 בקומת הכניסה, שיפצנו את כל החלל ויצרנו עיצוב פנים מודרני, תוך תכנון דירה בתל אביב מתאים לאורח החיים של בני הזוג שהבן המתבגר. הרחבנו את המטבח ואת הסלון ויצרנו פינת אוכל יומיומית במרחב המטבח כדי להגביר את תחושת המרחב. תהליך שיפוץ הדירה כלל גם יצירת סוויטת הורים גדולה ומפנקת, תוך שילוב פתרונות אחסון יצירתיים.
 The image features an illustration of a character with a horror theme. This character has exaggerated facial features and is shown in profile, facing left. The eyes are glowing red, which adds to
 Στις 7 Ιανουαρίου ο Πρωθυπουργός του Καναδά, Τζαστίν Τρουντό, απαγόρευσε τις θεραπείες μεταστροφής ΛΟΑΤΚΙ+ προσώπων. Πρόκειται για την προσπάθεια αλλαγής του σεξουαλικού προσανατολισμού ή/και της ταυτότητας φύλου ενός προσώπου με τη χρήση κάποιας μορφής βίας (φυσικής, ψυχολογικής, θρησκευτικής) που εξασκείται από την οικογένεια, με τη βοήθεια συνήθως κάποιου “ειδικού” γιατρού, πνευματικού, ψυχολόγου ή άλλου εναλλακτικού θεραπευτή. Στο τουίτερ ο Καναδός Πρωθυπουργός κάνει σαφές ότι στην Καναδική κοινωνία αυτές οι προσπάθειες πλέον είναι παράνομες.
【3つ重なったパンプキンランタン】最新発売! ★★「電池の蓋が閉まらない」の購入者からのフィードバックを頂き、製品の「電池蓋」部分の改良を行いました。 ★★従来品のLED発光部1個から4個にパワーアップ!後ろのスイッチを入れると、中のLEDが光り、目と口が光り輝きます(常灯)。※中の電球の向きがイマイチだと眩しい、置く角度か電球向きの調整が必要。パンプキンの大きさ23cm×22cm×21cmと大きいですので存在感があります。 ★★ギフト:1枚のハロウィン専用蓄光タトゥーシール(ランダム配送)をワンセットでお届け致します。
---
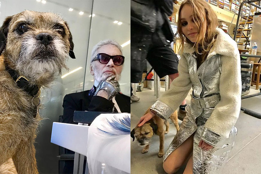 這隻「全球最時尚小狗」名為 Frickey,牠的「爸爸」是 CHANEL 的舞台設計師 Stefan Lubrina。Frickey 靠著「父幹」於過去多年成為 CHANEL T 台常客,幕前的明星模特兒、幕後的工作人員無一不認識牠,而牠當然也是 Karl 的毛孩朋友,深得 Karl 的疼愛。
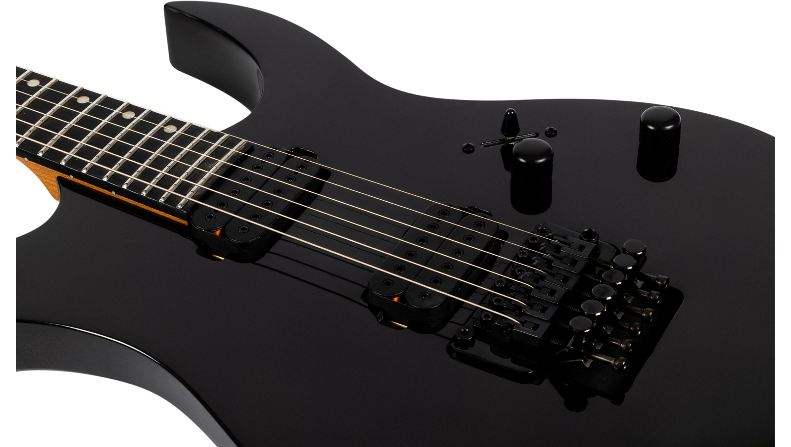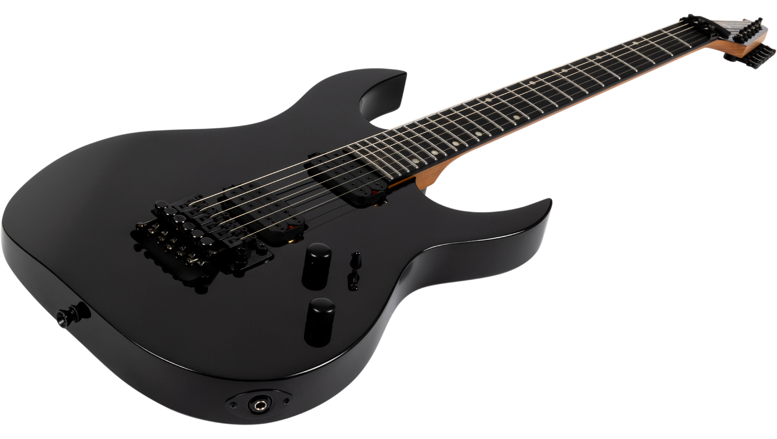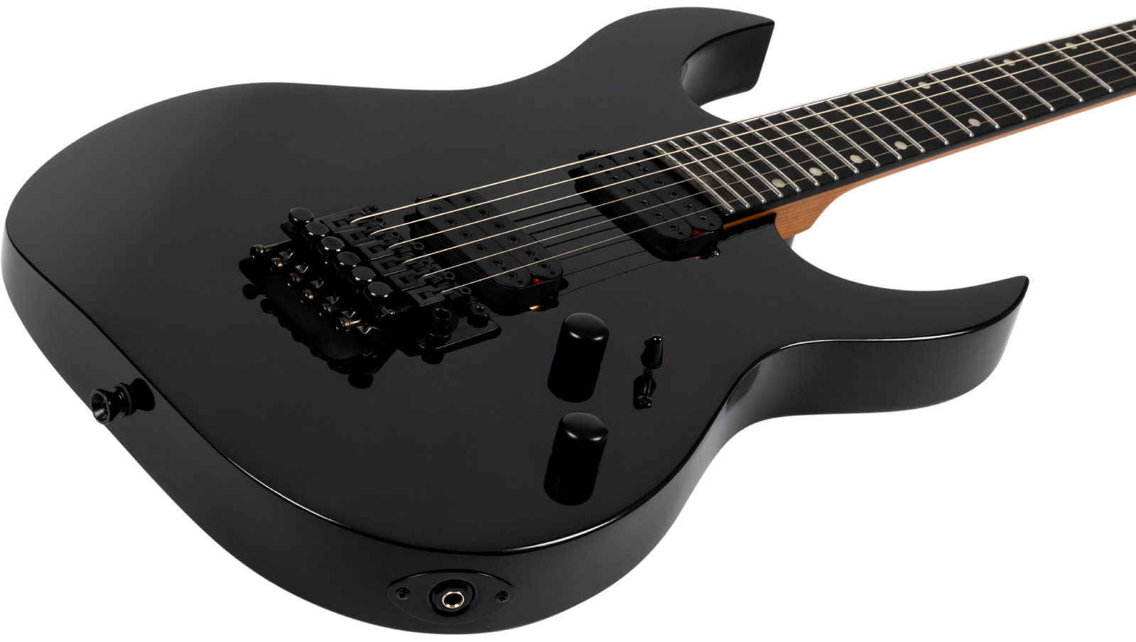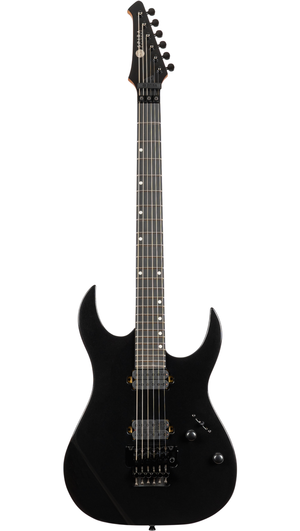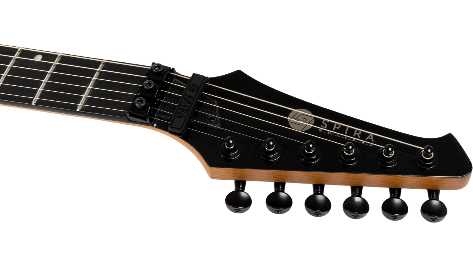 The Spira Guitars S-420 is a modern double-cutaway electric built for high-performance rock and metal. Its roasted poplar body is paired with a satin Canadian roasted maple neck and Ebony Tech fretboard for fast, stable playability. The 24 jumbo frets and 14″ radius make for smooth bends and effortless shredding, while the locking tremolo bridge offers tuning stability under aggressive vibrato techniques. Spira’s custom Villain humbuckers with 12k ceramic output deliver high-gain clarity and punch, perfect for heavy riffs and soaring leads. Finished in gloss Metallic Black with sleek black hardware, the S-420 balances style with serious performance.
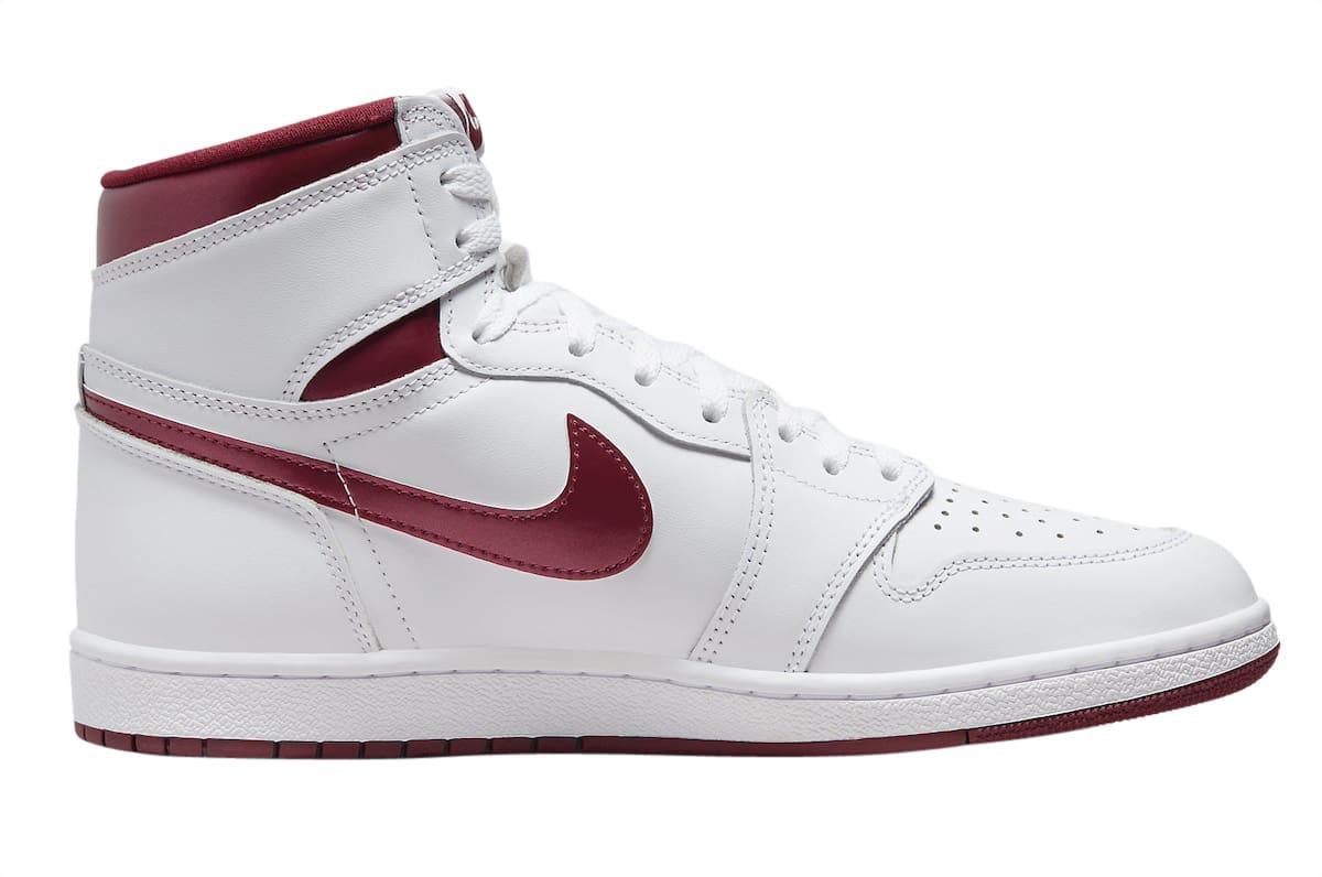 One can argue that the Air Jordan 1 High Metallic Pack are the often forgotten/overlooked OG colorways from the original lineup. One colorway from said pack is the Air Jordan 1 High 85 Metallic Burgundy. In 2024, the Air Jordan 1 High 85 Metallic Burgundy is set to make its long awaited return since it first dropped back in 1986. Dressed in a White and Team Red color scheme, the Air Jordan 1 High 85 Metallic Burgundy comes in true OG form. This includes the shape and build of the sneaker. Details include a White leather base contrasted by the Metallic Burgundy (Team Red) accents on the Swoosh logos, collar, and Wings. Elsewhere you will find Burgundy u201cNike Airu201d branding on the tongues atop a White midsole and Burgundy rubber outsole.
==
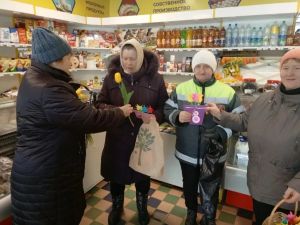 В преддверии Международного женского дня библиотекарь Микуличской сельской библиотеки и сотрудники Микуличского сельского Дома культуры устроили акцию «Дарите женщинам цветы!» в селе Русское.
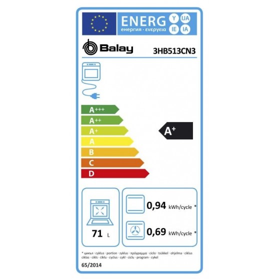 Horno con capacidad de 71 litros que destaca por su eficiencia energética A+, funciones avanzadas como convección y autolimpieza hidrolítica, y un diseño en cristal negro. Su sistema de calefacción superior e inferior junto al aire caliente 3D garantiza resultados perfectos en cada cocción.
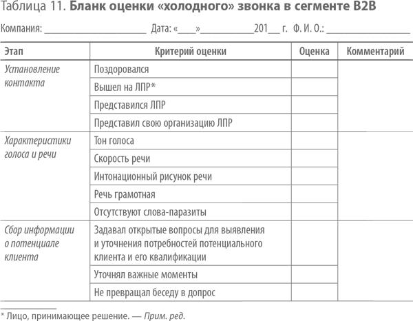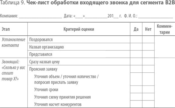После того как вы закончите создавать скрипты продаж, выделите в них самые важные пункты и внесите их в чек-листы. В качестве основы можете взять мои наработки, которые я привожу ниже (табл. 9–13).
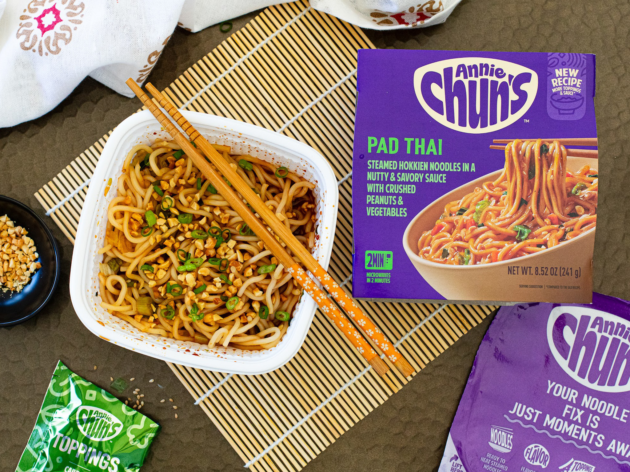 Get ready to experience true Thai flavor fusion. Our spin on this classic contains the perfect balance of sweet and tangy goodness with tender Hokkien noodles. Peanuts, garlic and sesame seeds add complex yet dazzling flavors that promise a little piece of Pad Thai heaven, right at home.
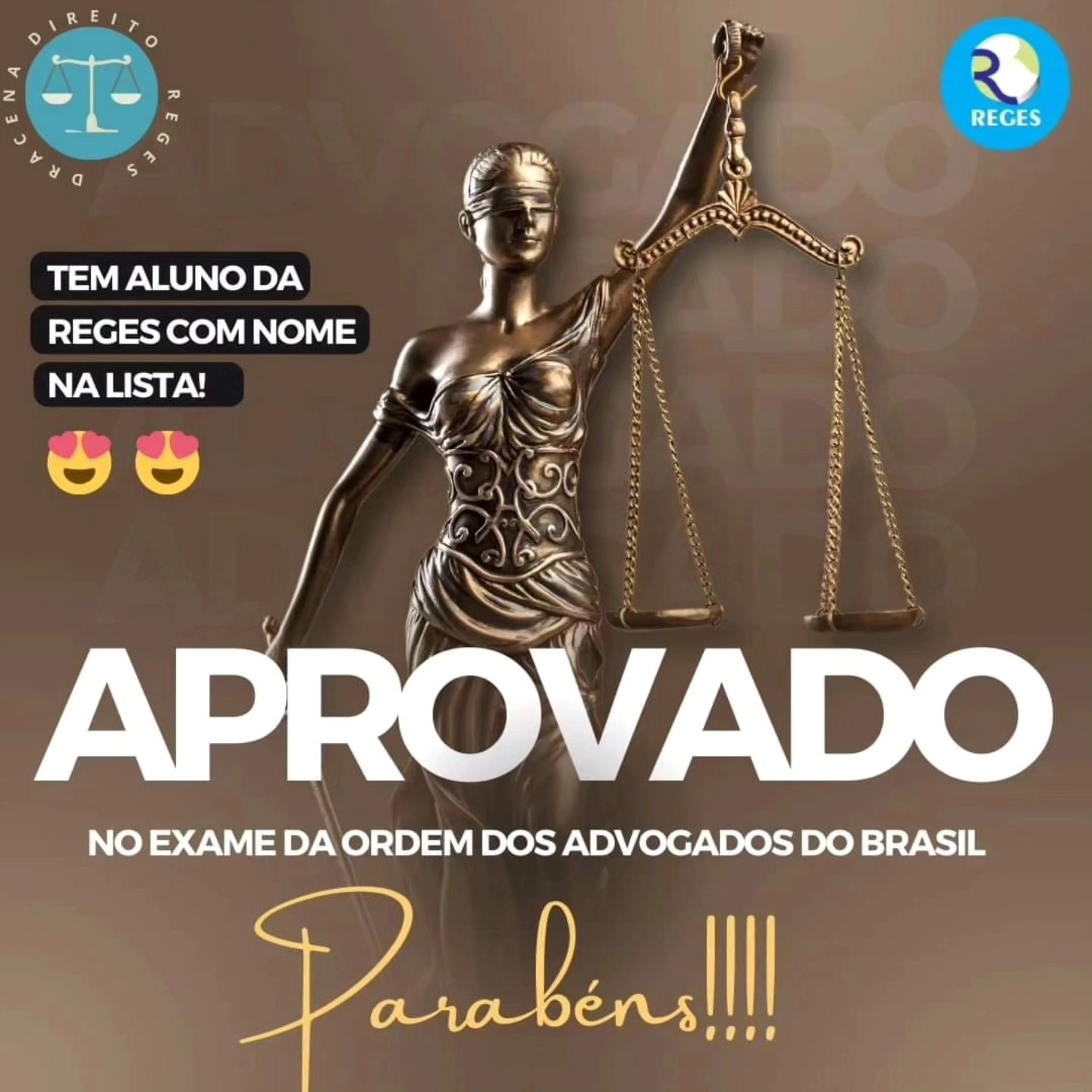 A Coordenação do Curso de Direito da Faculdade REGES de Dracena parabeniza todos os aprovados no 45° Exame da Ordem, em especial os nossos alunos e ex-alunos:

■ TASK:
Would you print exactly, and only, the lines of the data above from the line with "בקומת הכניסה, שיפצנו" through the line with "Στις 7 Ιανουαρίου", inclusive?

■ EXERCISE RESPONSE:
 בקומת הכניסה, שיפצנו את כל החלל ויצרנו עיצוב פנים מודרני, תוך תכנון דירה בתל אביב מתאים לאורח החיים של בני הזוג שהבן המתבגר. הרחבנו את המטבח ואת הסלון ויצרנו פינת אוכל יומיומית במרחב המטבח כדי להגביר את תחושת המרחב. תהליך שיפוץ הדירה כלל גם יצירת סוויטת הורים גדולה ומפנקת, תוך שילוב פתרונות אחסון יצירתיים.
 The image features an illustration of a character with a horror theme. This character has exaggerated facial features and is shown in profile, facing left. The eyes are glowing red, which adds to
 Στις 7 Ιανουαρίου ο Πρωθυπουργός του Καναδά, Τζαστίν Τρουντό, απαγόρευσε τις θεραπείες μεταστροφής ΛΟΑΤΚΙ+ προσώπων. Πρόκειται για την προσπάθεια αλλαγής του σεξουαλικού προσανατολισμού ή/και της ταυτότητας φύλου ενός προσώπου με τη χρήση κάποιας μορφής βίας (φυσικής, ψυχολογικής, θρησκευτικής) που εξασκείται από την οικογένεια, με τη βοήθεια συνήθως κάποιου “ειδικού” γιατρού, πνευματικού, ψυχολόγου ή άλλου εναλλακτικού θεραπευτή. Στο τουίτερ ο Καναδός Πρωθυπουργός κάνει σαφές ότι στην Καναδική κοινωνία αυτές οι προσπάθειες πλέον είναι παράνομες.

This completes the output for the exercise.